REQUIRED WORK:
Extract word for word the lines of the listing from its start to the line holding "(总)美优兰 2025全棉法", both ends kept; pictures are not part of the copy.

=== Section Start ===

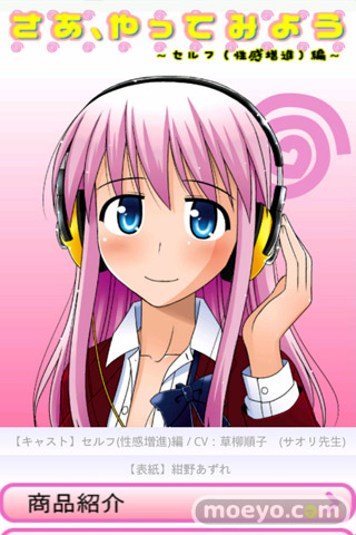 ■ アプリ名: 『さあ、やってみようCV 草柳順子』(音声版) 『さあ、やってみようCV 金田まひる』(音声版) 『さあ、やってみようCV 民安ともえ』(音声版) 『さあ、やってみよう~催眠オナニー入門~』(電子書籍版) ■ 対応端末:Android ■ 価格: 『さあ、やってみようCV 草柳順子』 250円 『さあ、やってみようCV 金田まひる』 250円 『さあ、やってみようCV 民安ともえ』 250円 電子書籍版『さあ、やってみよう~催眠オナニー入門~』 350円 ■ サービス開始日:2012年2月3日(金) |
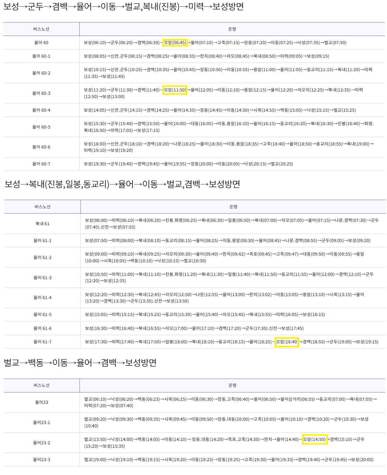 참고로 모암재 부근 가는 버스가 보성에서 3번 벌교에서 1번 있는데 안맞다
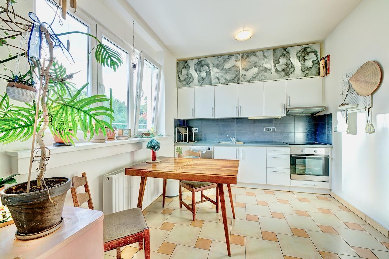 K koupi nabízím krásný, světlý byt o dispozici 2+1 s obrovskou terasou, který se nachází v posledním patře dobře udržovaného funkcionalistického domu bez výtahu z roku 1942. Dům i byt prošly v roce 2008 kompletní rekonstrukcí.
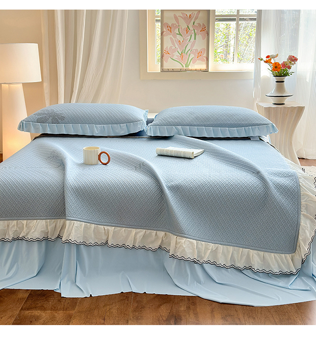(总)美优兰 2025全棉法式花边双层纱水洗棉花床盖三件套(提供买家秀),组合图仅供参考,半亩花田,波点绿,春意盎然粉,春意盎然绿,玛德琳紫,南风,如画,写意,朱樱
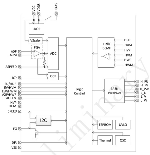 FT8215Q內置多個功能模塊:系統時鐘(OSC)、ADC采樣、I2C通信、5V穩壓(LDO)、電流采樣(VScaler)、過流保護(Over Current)、過溫保護(Thermal)等模塊。外置引腳有U/V/W驅動輸出、SPEED/APSEED調速、FG輸出、正反轉DIR控制等。
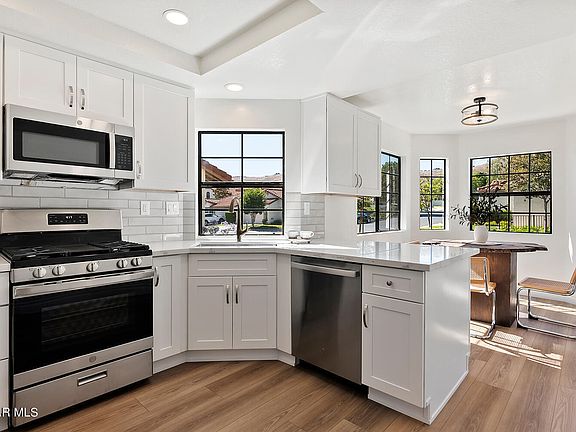 Welcome to this picture perfect 3 bed, 3 full bath townhome with an ideal location overlooking Wood Ranch Country Club in the gated Fairway Patio Homes community. Spread across 1535 square feet, this immaculate home combines luxury and comfort. The newly remodeled kitchen is a chef's delight with pristine quartz countertops, ample cabinet space, stainless steel appliances and a large breakfast nook. Luxurious vinyl plank flooring flows throughout, adding an element of sophistication, and a gorgeous brick fireplace is the centerpiece of the living room. The master suite, located on the main level, offers a tranquil retreat with its stylish, modern touches. A second bedroom also resides on the ground floor, with a third bedroom upstairs completing the versatile living spaces. The cherry on top? You'll enjoy afternoons in your newly landscaped yard while enjoying the stunning views of the Wood Ranch Country Club. The community also features a refreshing community pool and spa, promising an indulgent lifestyle in a prime location. Don't miss the chance to call this rare gem your home; it's more than a home, it's your personal paradise.
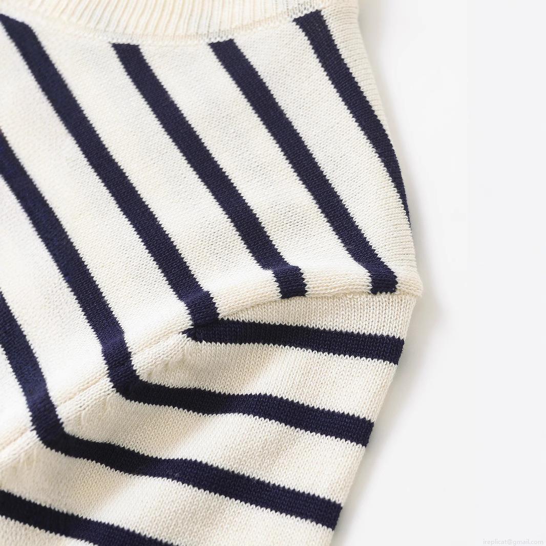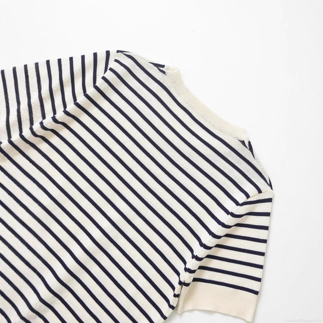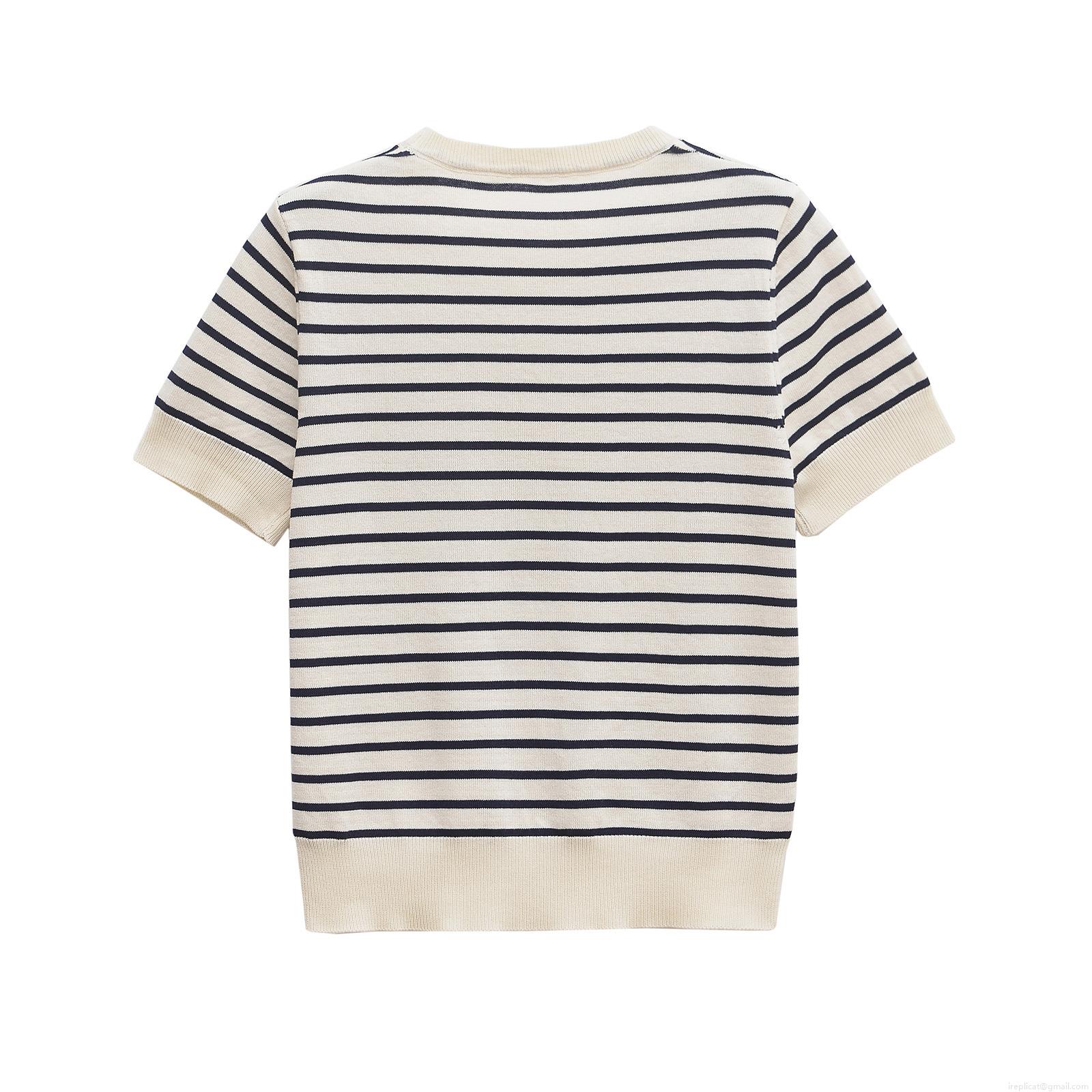 • Women's Casual Striped Short Sleeve Knit T-Shirt Crew Neck Mercerized Cotton Blend Top For Summer Streetwear Fashion Daily Wear
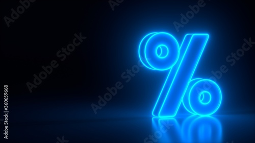 Glowing blue percent symbol on black dark background. Seasonal sales and discounts. Discount, sale sign, neon lights. Business colorful concept. 3d rendering.
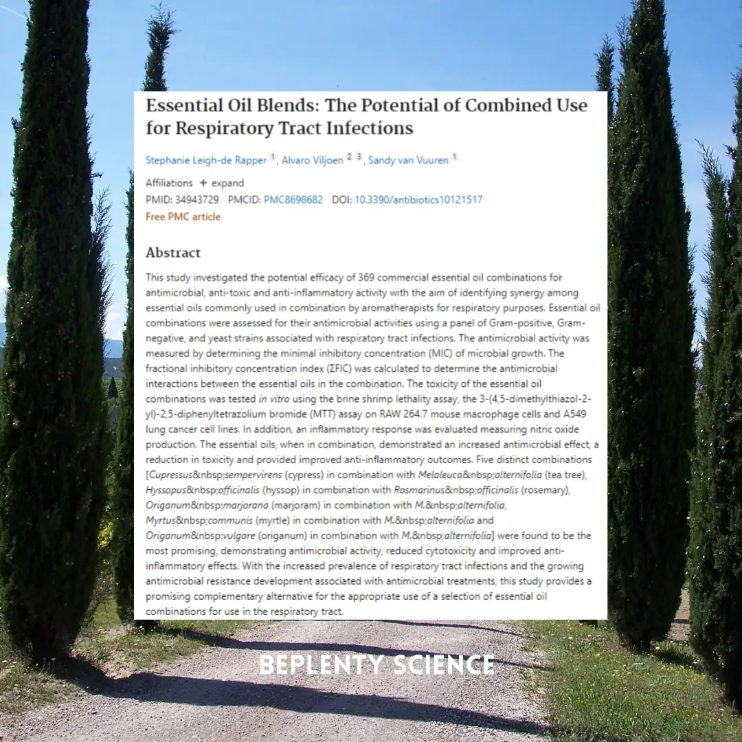 Bu çalışmada, solunum yolu patojenlerine karşı Cupressus sempervirens (selvi) uçucu yağı farklı uçucu yağlar ile birlikte ve çeşitli kombinasyonlarıyla akciğer hücre hatları üzerindeki anti-inflamatuar ve sitotoksik etkileri bildirmiştir. Bulgulara dayanarak, antimikrobiyal, sitotoksik ve antiinflamatuar etkilere dayalı olarak solunum yolu için kullanılabilcek farklı uçucu yağ kombinasyonları belirlenmiştir.

=== Section End ===

WRITTEN SOLUTION:
 ■ アプリ名: 『さあ、やってみようCV 草柳順子』(音声版) 『さあ、やってみようCV 金田まひる』(音声版) 『さあ、やってみようCV 民安ともえ』(音声版) 『さあ、やってみよう~催眠オナニー入門~』(電子書籍版) ■ 対応端末:Android ■ 価格: 『さあ、やってみようCV 草柳順子』 250円 『さあ、やってみようCV 金田まひる』 250円 『さあ、やってみようCV 民安ともえ』 250円 電子書籍版『さあ、やってみよう~催眠オナニー入門~』 350円 ■ サービス開始日:2012年2月3日(金) |
 참고로 모암재 부근 가는 버스가 보성에서 3번 벌교에서 1번 있는데 안맞다
 K koupi nabízím krásný, světlý byt o dispozici 2+1 s obrovskou terasou, který se nachází v posledním patře dobře udržovaného funkcionalistického domu bez výtahu z roku 1942. Dům i byt prošly v roce 2008 kompletní rekonstrukcí.
(总)美优兰 2025全棉法式花边双层纱水洗棉花床盖三件套(提供买家秀),组合图仅供参考,半亩花田,波点绿,春意盎然粉,春意盎然绿,玛德琳紫,南风,如画,写意,朱樱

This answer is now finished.